Moi aussi, je suis moins habile que les autres ; et l’on eût dit que les trésors de la nature ne se découvraient pas volontiers à mes yeux. Cependant, le Maître m’aime bien, et il me laisse à mes pensées, lorsque les autres sortent à la recherche. Je n’ai jamais éprouvé ce qu’éprouva le Maître. Tout me ramène en moi-même. J’ai compris ce qu’a dit un jour la seconde voix. Je suis heureux de contempler les choses et les figures merveilleuses des salles, mais il me semble qu’elles ne sont que des images, des voiles, des ornements rassemblés autour d’une image divine ; et celle-ci occupe sans cesse mes pensées. Je ne la cherche pas, mais je cherche souvent en elles. On dirait qu’elles vont me montrer le chemin, où, profondément endormie, m’attend la vierge que mon esprit désire.

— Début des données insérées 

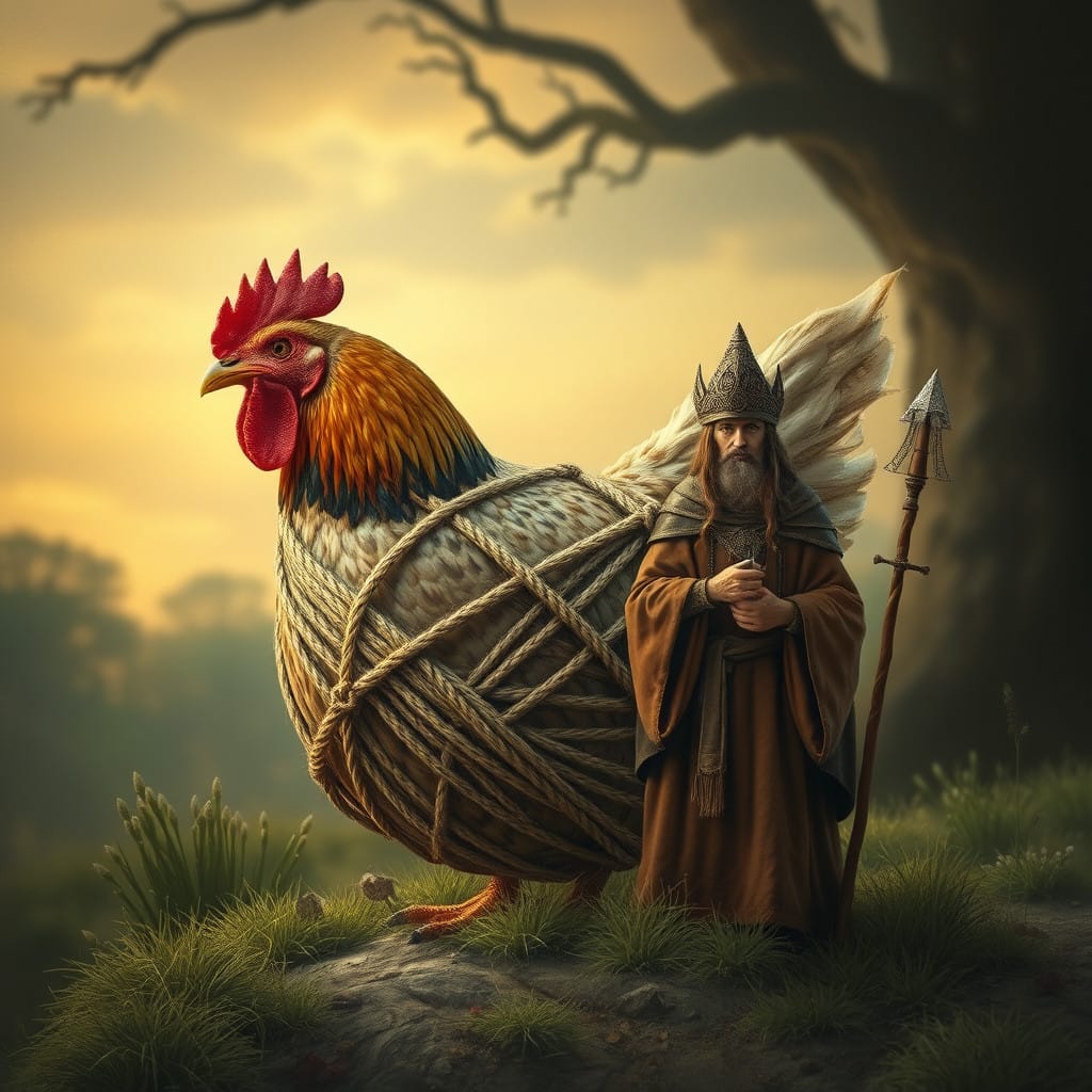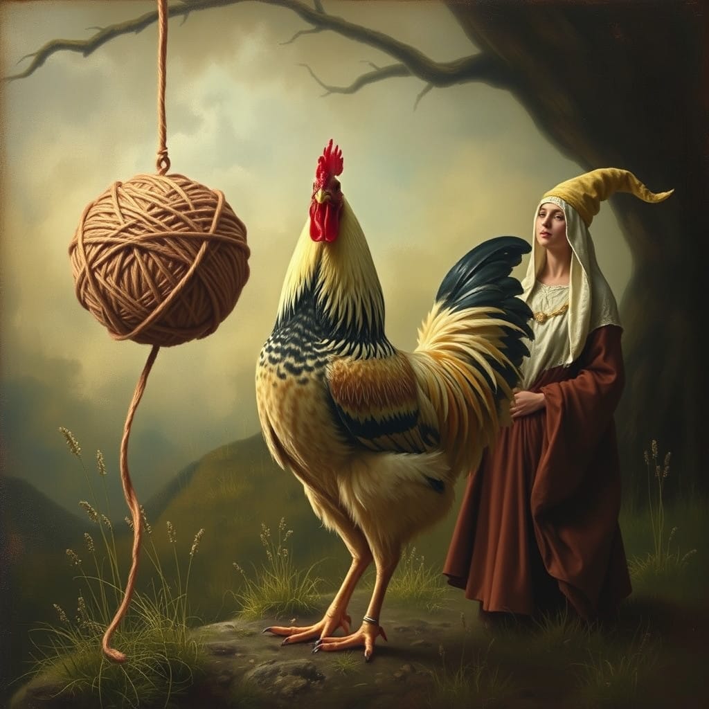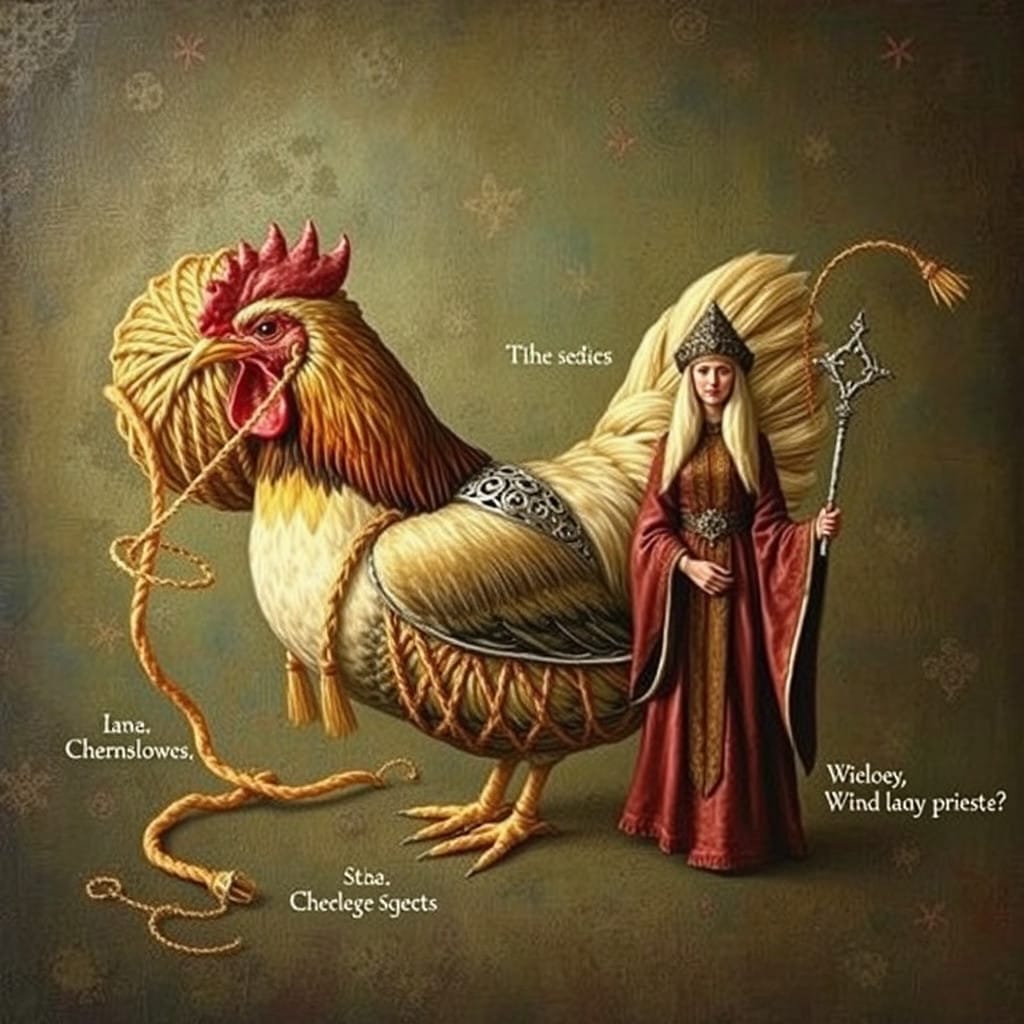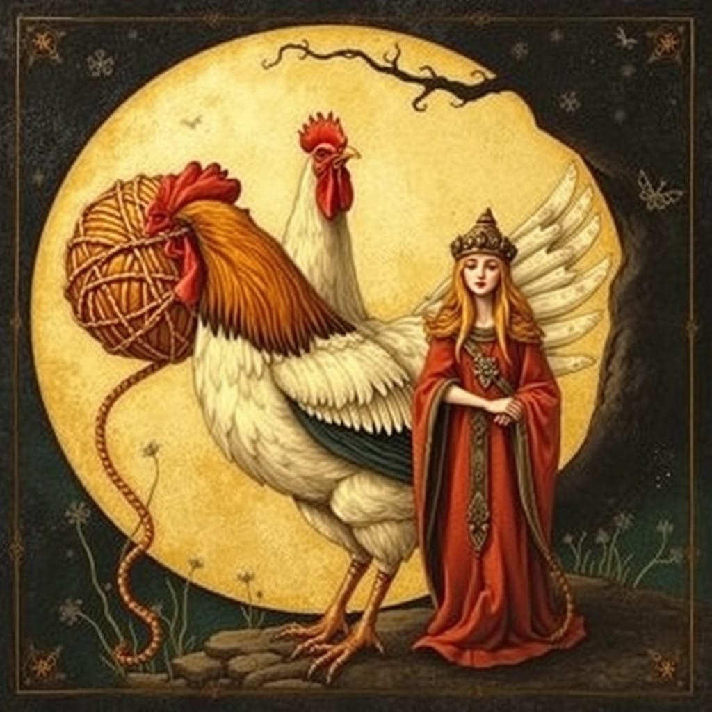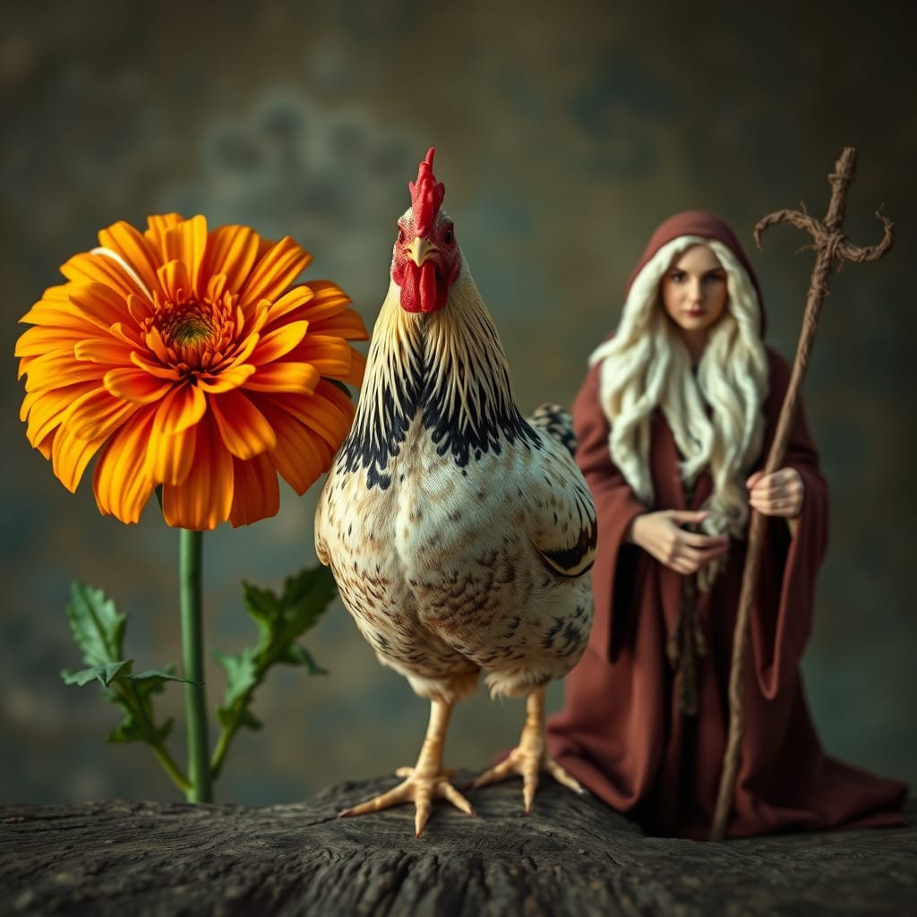 Prompt: A ball of twine, a chicken, [a marigold,] and a druid priestess.

Le maître ne m’en a jamais parlé, et je ne peux rien lui avouer ; il me semble que c’est un inviolable secret. J’eusse voulu interroger cet enfant mystérieux ; je trouvais je ne sais quel air fraternel en ses traits, et tout, à ses côtés, me semblait devenir intérieurement plus clair. Certes, s’il était demeuré plus longtemps, j’eusse éprouvé plus de choses en moi-même, et peut-être aussi qu’à la fin mon cœur se fût ouvert et ma langue se fût déliée. J’eusse voulu m’en aller avec lui. Il n’en fut pas ainsi. J’ignore combien de temps encore il faut que je demeure ici. Je crois qu’il m’y faudra rester toujours. J’ose à grand’peine me l’avouer : mais cette pensée m’oppresse trop intimement : je crois qu’un jour je trouverai ici ce qui m’émeut sans cesse ; toujours elle est là. Lorsque je marche ici, dans cet espoir, tout m’aparaît sous une forme plus haute et dans un ordre nouveau ; et tout indique une même patrie. Chaque objet me semble alors si connu et si cher ! Et ce qui, naguère, me paraissait singulier et étrange me devient tout à coup familier.

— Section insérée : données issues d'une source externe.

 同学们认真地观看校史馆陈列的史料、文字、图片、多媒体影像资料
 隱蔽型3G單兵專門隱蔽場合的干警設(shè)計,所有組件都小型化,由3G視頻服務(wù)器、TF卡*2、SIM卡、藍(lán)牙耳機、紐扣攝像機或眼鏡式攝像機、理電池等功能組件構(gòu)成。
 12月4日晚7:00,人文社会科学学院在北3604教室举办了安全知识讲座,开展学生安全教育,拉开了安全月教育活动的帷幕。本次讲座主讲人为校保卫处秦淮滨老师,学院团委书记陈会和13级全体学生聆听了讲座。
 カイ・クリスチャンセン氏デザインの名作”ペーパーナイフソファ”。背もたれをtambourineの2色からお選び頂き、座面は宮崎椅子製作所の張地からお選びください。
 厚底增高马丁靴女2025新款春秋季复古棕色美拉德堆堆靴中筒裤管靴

Cette étrangeté même m’est étrange, et c’est pourquoi cette réunion m’attira et me repoussa toujours en même temps. Je ne puis comprendre le Maître. Il m’est si incompréhensiblement cher ! Je le sais, il me comprend, il n’a jamais parlé contre mon sentiment ou contre mon désir. Bien plus, il veut que nous suivions notre propre chemin, car chaque chemin nouveau passe par des terres nouvelles et nous ramène enfin à ces demeures, à cette patrie sacrée. Or, je veux, moi aussi, décrire ma Figure, et si aucun mortel, selon l’inscription qui est là, ne soulève le voile, il faut que nous tâchions à nous rendre immortels. Celui qui ne veut pas le soulever, n’est pas un véritable disciple à Saïs.